[Maybe OT] - RFC compliance checking at session

Matt Kettler mkettler at evi-inc.com
Fri Feb 29 22:41:29 GMT 2008


Glenn Steen wrote:
> On 29/02/2008, Matt Kettler <mkettler at evi-inc.com> wrote:
>> Hostmaster wrote:
>>  > Hi All,
>>  >
>>  > I would like to illicit some opinions from you other MailScanner using
>>  > MX-administrators.
>>
>>
>> Pretty much all your opinions here are valid, except:
>>
>>
>>   > and the IP does not accept return SMTP – indicating that
>>  > it's probably a web server and not an MTA itself.
>>
>>
>> I find that conclusion irrational. Why wouldn't it be an MTA?
>>
>>  Anyone large enough to have separate MX (inbound) and smarthost (outbound)
>>  servers should *NOT* be accepting inbound SMTP connections to their smarthost
>>  servers from the outside world. Only their internal network should be able to
>>  SMTP to the smarthost.
>>
>>  There's no reason to allow it, so best practice would suggest you should close
>>  that off at the firewall. Any legitimate mail delivery attempts will go to the
>>  MX servers. Therefore any attempts to connect to port 25 on the SmartHost from
>>  the outside are either hackers, scans, or random pokes and prods at parts of
>>  your network nobody on the outside belongs in.
>>
>>
>>  I think it's a pretty far jump to assume that any system that generates SMTP but
>>  doesn't accept inbound from you can't be an MTA. It's quite possible it is an
>>  MTA, but you're not authorized to try to queue mail there and are firewalled out.
>>
> I'm not going to disagree (much:-) with you today/tonight Matt (not
> sober enough, and I need be very sharp when doing that:-):-), but what
> about all that stuff ... domain litterals etc... all there to
> facilitate bouncing when there is no DNS etc. Kind of implies that all
> SMTP sendersare supposed to be able to be receivers too, now don't it?
> Or maybe I'm in delirium tremens and that is just a figment of that state:-):-)

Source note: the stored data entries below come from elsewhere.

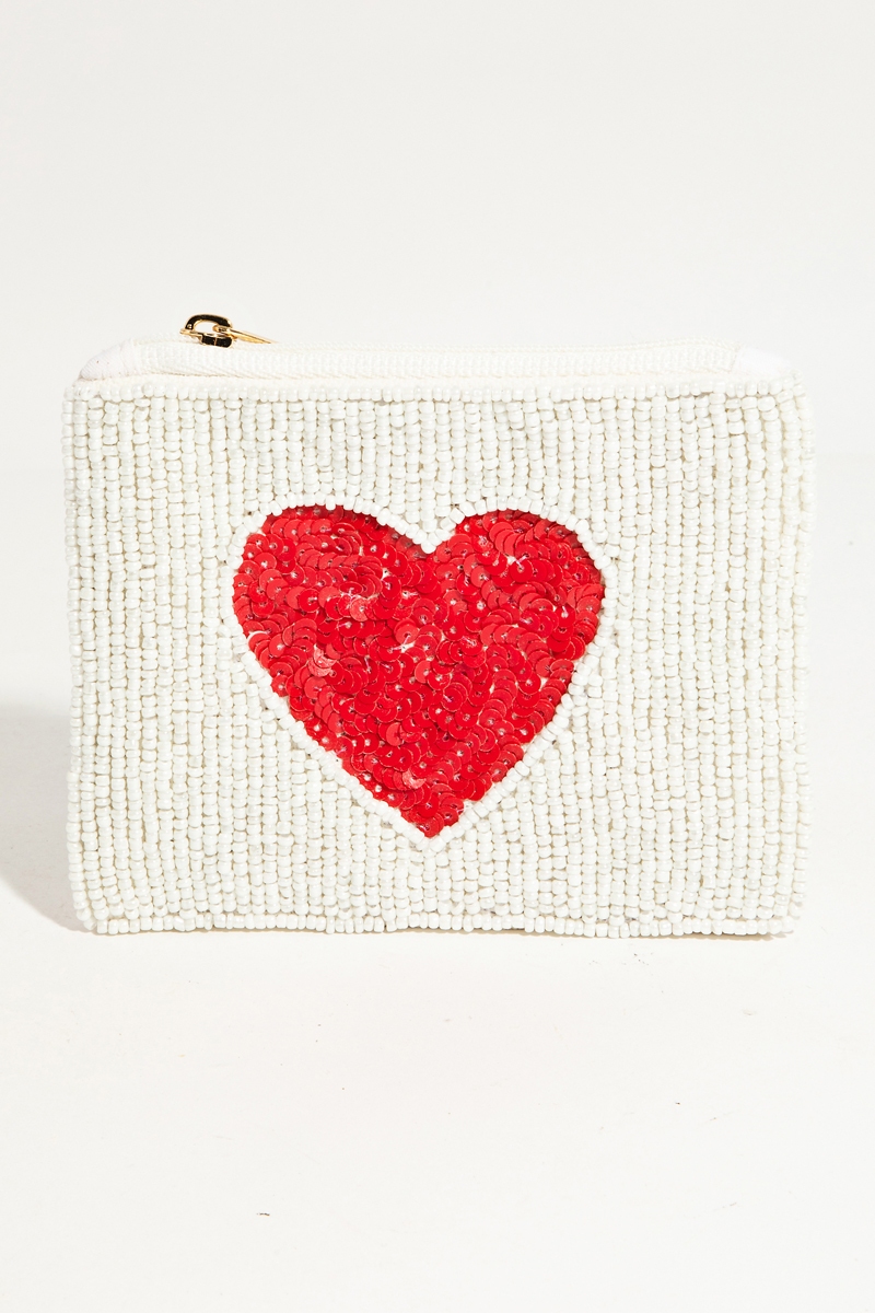 - This introduces a unique red heart white beaded coin purse style. Witness the perfect fusion of style and functionality as this effortlessly complements your lifestyle.
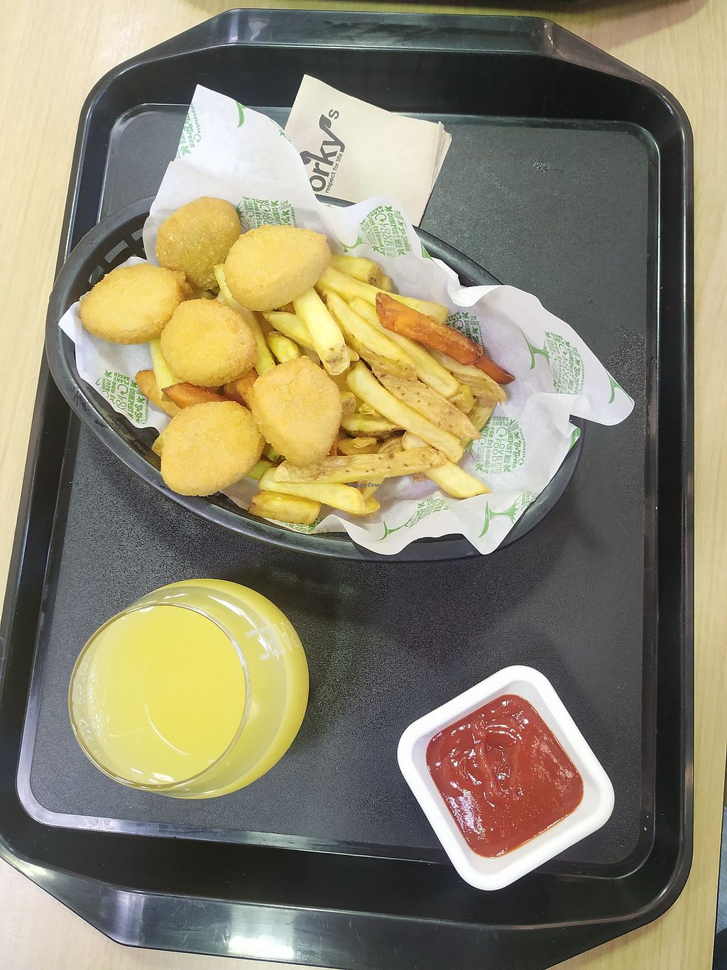 The chick nuggets were pretty good, the different sauces, too. The side potatoes are good as long as they are hot, but sometimes they are served lukewarm.
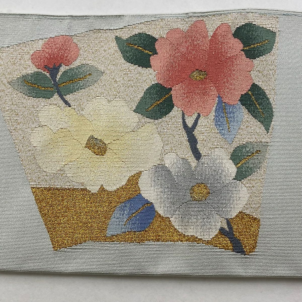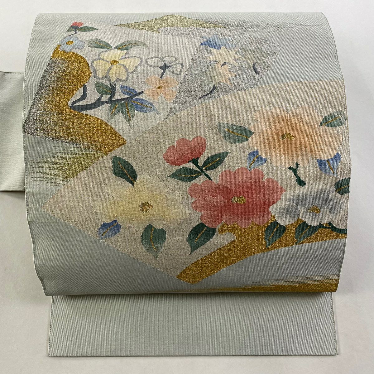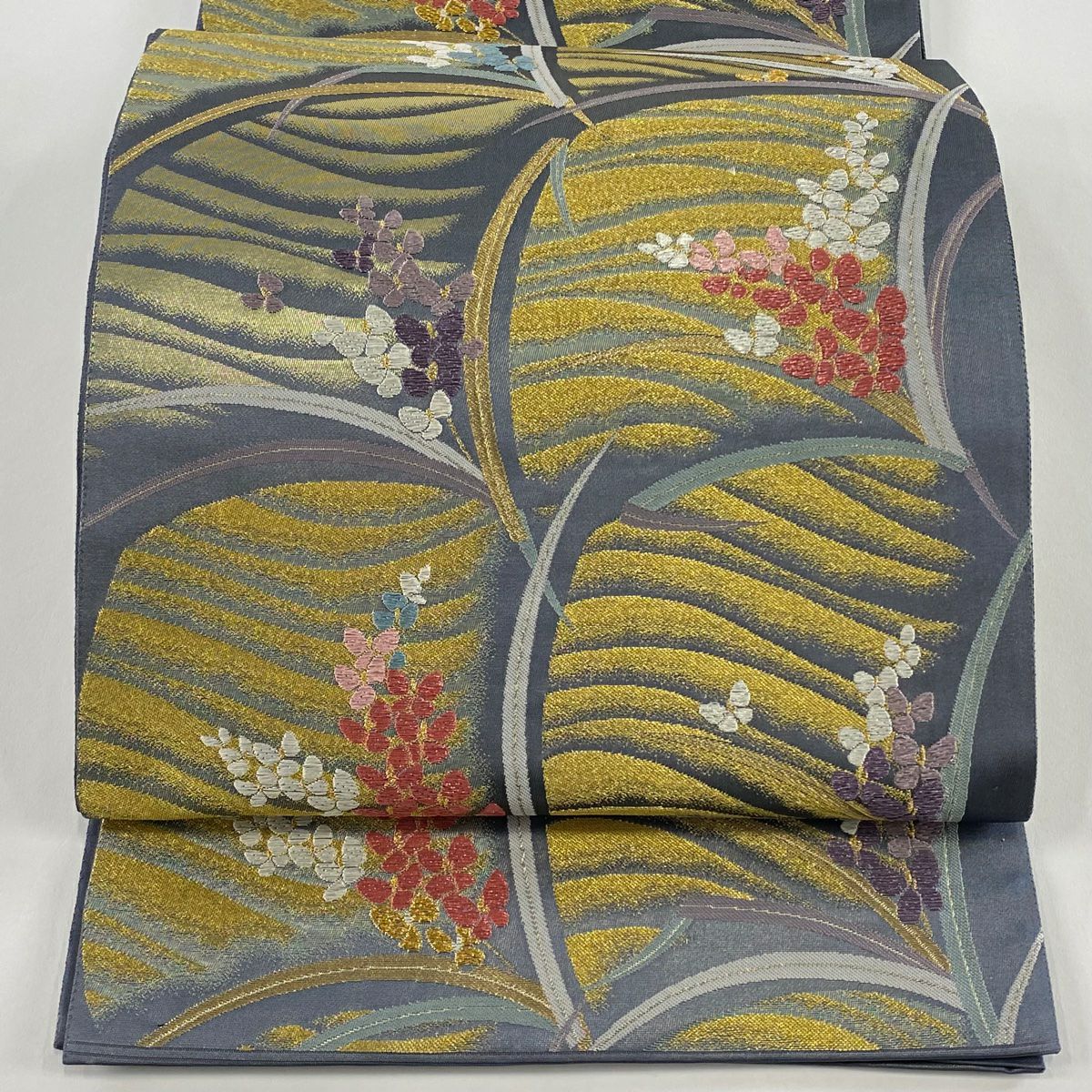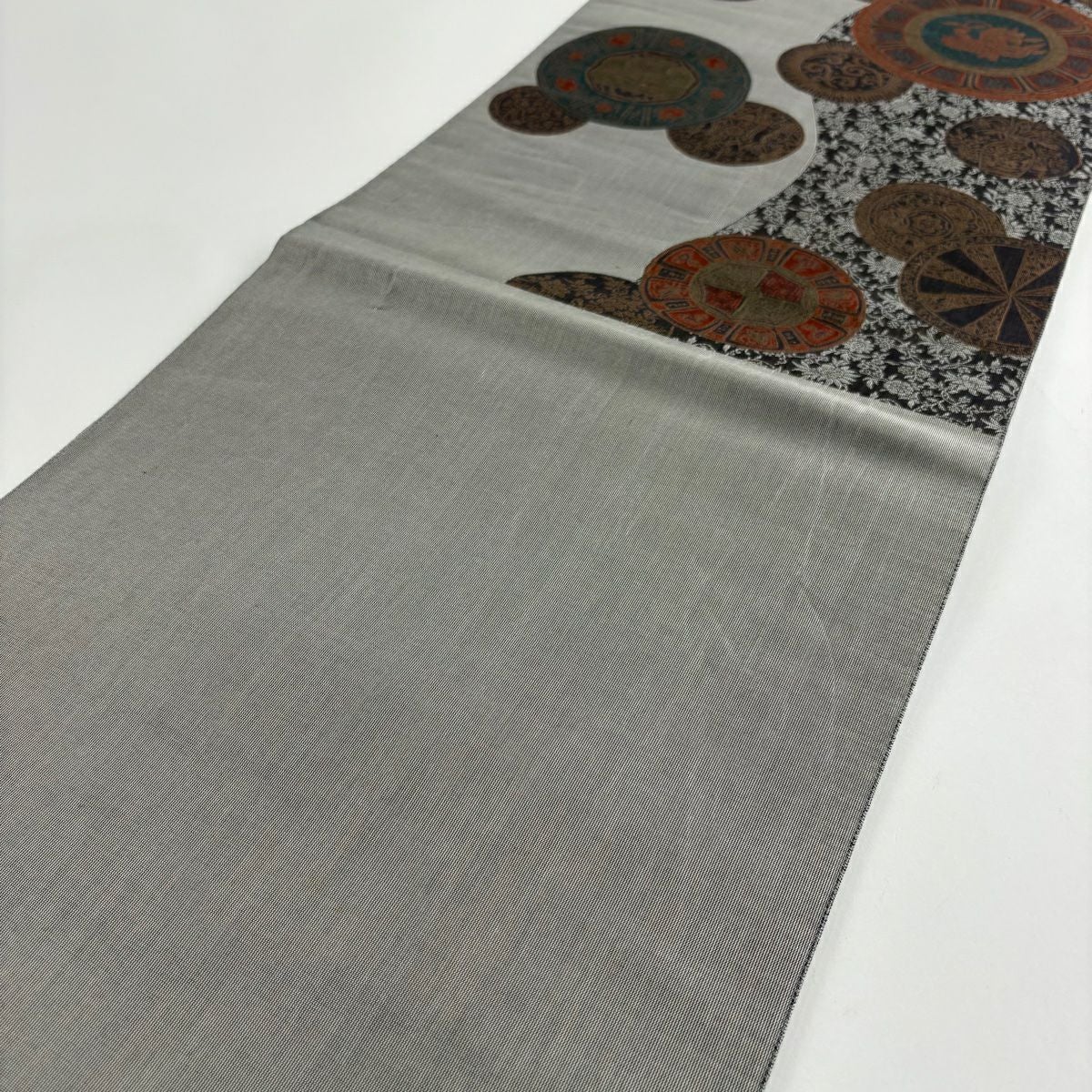 【在庫一掃】 名古屋帯 秀品 扇面 草花 金銀糸 灰色 正絹

Follow up again later.. I can't make much sense of what you're saying right now.

Domain literals exist to handle sending messages when DNS is down. But I don't 
see anywhere that suggests using them for bounces.

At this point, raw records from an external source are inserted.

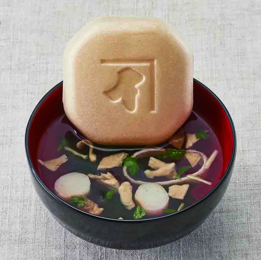 「至福の一椀 お吸物もなか」は、茶色の皮に「つゆの素ゴールド」を、白とピンクの皮に「白だしゴールド」を練り込んでおり、もなかの皮も美味しく召し上がれる逸品です。もなかの中には、顆粒だしの「本枯鰹節 金色の鰹だし」を使用しており、厳選された本枯鰹節、しいたけ、昆布の上品な味わいをお楽しみいただけます。
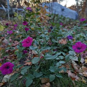 夕暮れサフィニアだけが咲いてる庭です
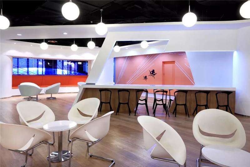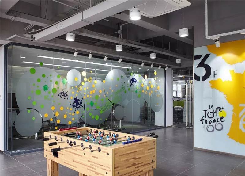 第二張中可以看到,桌上足球,這一張是會議室的玻璃貼膜,最初設計的都是一些彩色的圓點,但是做完后太通透,起不到遮擋作用,所以現(xiàn)場臨時在玻璃的內側又加了大型的磨砂圓,就有兩層疊加到一起的圖形,磨砂與色彩組合在一起,效果豐富有層次。
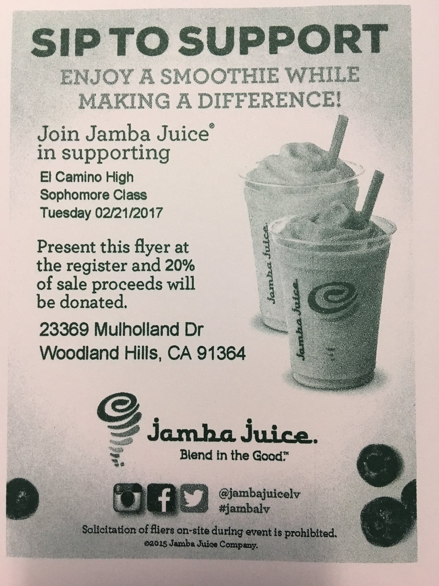 El Camino Real On Twitter Go To Jamba Juice Today On Mulholland Drive To Support The Sophomore Class

As best I can tell it's a flagrant violation of many RFCs to send a bounce (or 
any other DSN) to anything other than the return path.

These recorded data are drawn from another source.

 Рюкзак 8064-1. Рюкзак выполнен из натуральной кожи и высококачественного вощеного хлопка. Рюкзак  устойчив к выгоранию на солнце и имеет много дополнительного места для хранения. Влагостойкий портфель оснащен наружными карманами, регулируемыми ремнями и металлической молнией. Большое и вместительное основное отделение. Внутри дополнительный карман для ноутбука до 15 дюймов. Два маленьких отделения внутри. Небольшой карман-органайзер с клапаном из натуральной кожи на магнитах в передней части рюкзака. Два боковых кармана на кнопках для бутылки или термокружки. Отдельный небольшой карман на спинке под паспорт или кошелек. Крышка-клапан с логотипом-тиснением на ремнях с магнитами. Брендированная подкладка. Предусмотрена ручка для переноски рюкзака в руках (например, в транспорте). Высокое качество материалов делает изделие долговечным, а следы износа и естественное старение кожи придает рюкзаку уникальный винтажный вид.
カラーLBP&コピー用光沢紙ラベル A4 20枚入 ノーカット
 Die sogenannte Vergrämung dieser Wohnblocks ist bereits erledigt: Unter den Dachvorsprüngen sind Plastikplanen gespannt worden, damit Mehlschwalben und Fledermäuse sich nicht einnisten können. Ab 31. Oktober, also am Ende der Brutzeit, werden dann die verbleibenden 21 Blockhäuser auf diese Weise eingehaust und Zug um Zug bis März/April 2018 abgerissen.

Trying to create a domain literal using the IP address of the host that 
delivered the email strikes me as absurdly broken. If nothing else, doing this 
would require that all SMTP clients also be mailservers... Ouch!

Relevant RFC's describing that delivery failure notifications be sent to the 
reverse path in the MAIL FROM: command:

RFC 821 section 3.6 (MUST)
RFC 2821 section 3.7 (MUST)
RFC 1123 section 5.3.3 (specifies SHOULD be the envelope return, not must)
RFC 3461 section 6.1 (simply described as fact, with no MUST or SHOULD.)